Sonny’s Blues by James Baldwin, 1957
The magic trick:
Getting to the essence of Sonny’s character
So many stories – even the good ones – describe characters in only adjectives or maybe the author lets the characters show themselves through actions. And that’s OK, but Baldwin is on a whole other level here in the way he portrays Sonny. The narrator spends the entire story trying to get to fully understand his younger brother, so it allows the reader to take the same journey. And Baldwin delivers a complete picture.
The narrator blends a combination of analysis, family memories, and accounts of interactions with Sonny, to give the reader a multi-faceted vision of his brother. The most effective is the analysis, in which Baldwin – through his narrator – shows uncommon insight into the human condition. My favorite instance of this is the narrator’s description of both his father and brother as having “that same privacy.” It’s a subtle human characteristic – detachment without malice – that often escapes notice in art and even in real life. Baldwin catches it and highlights it beautifully in this story.
“Sonny’s Blues” is about many specifics: 1950s urban America, the pre-Civil Rights Era African-American experience, jazz, poverty, and drug addiction, to name a few. But the way in which Baldwin is able to cut to the core of his characters, especially Sonny, gives the story a timeless quality that transcends race, genre, and era. And that’s quite a trick on Baldwin’s part.

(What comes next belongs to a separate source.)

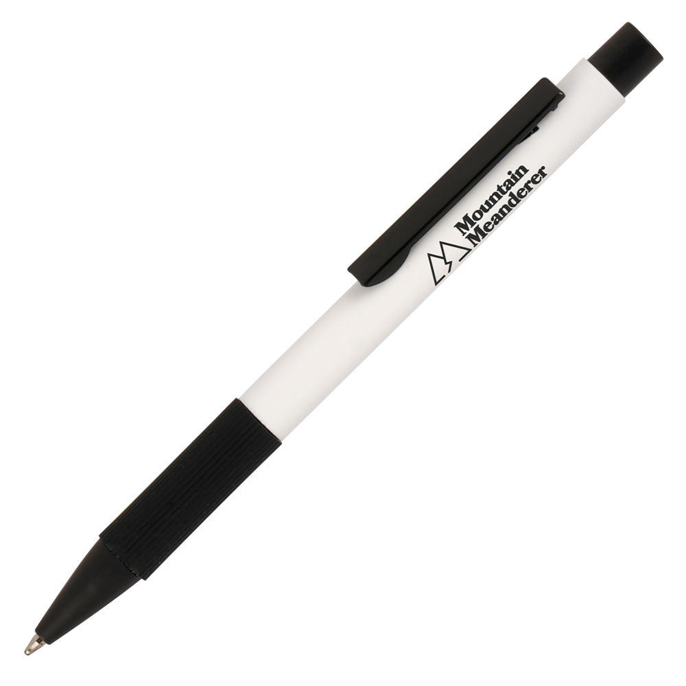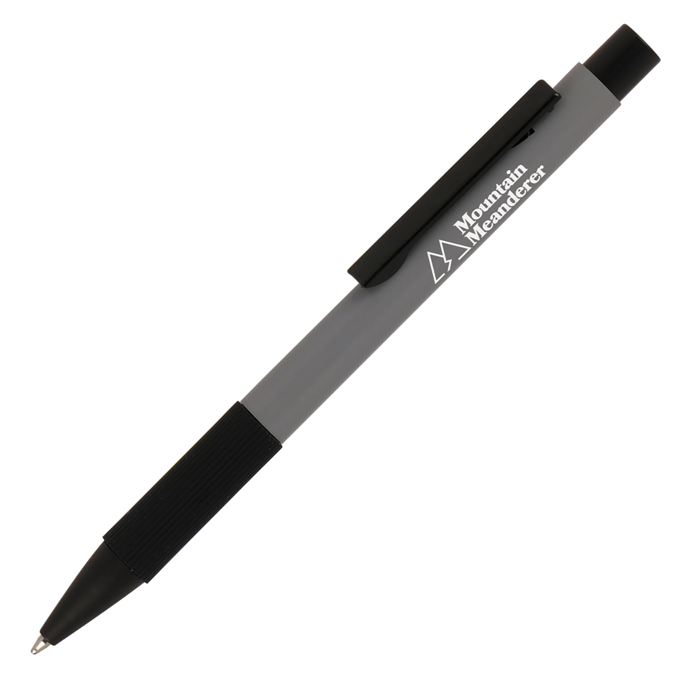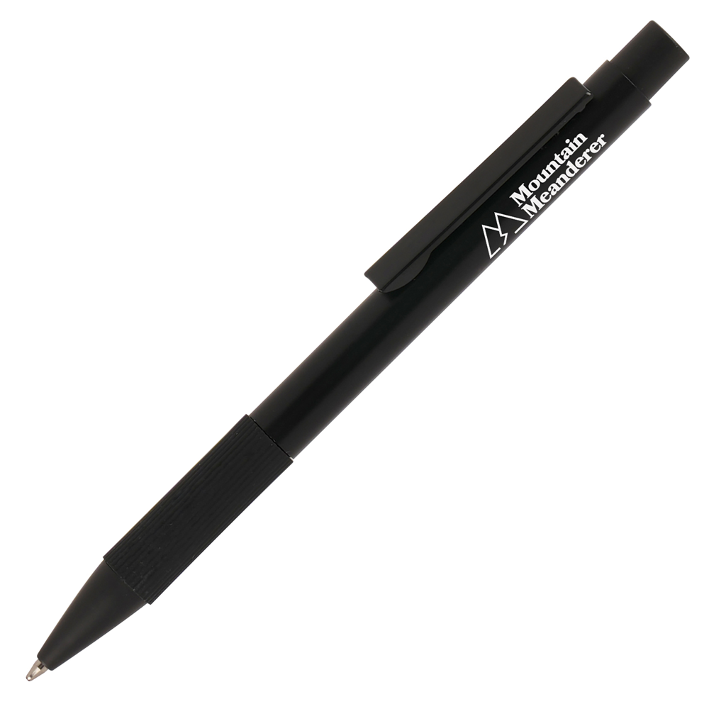 Boost your brand with the Mystic Grip Ball Pen, boasting an aluminium barrel with a metal clip and a silicone grip that enhances comfort and control while providing a non-slip experience. The black trims offer a contemporary feel. This pen is an ideal promotional item for distributing at trade shows and events, given its high-quality materials and ample space for prominently showcasing your company message. This lightweight pen is perfect for sending to clients working from home or on boarding staff. Order yours today and make a lasting impression!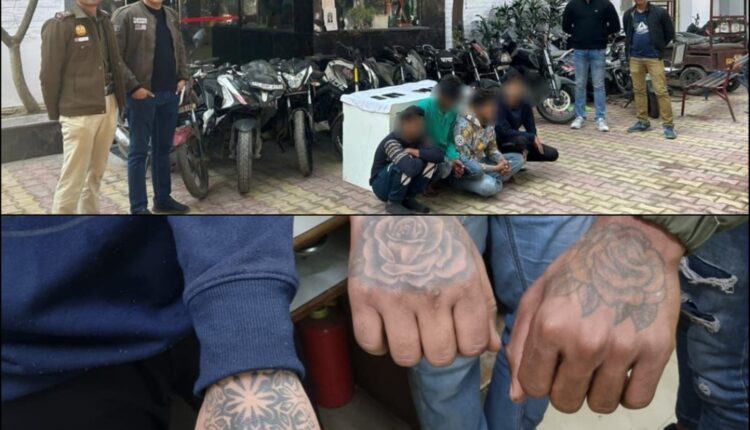 नई दिल्ली: दिल्ली के केशव पुरम थाना पुलिस ने ‘रोज गैंग’ के चार सदस्यों को गिरफ्तार किया है। ये लोग इलाके में दहशत फैलाने के मक्सद से वारदात का वीडियो बनाते थे और सोशल मीडिया पर अपलोड करते थे। इन सभी के हाथ पर गुलाब का टैटू बना हुआ है। पकड़े गए आरोपियों की पहचान 19 वर्षीय निखिल निवासी शास्त्री नगर, 21 वर्षीय रोहित उर्फ कांचू निवासी करोल बाग, 18 वर्षीय दीपक निवासी करोल बाग और 19 वर्षीय आकाश निवासी आनंद पर्वत के रुप में हुई है। इनके पास से चोरी की आठ मोटरसाइकिल और एक बुलेट जिससे वारदात को अंजाम दिया करते थे। बुलेटऔर आठ मोटरसाइकिल बरामद कर ली है। साथ ही उनके पास से तीन मोबाइल भी बरामद किए हैं।

They began, in a way, to be afflicted by this presence that was living in their home. It was as though Sonny were some sort of god, or monster. He moved in an atmosphere which wasn’t like theirs at all. They fed him and he ate, he washed himself, he walked in and out of their door; he certainly wasn’t nasty or unpleasant or rude, Sonny isn’t any of those things; but it was as though he were all wrapped up in some cloud, some fire, some vision all his own; and there wasn’t any way to reach him.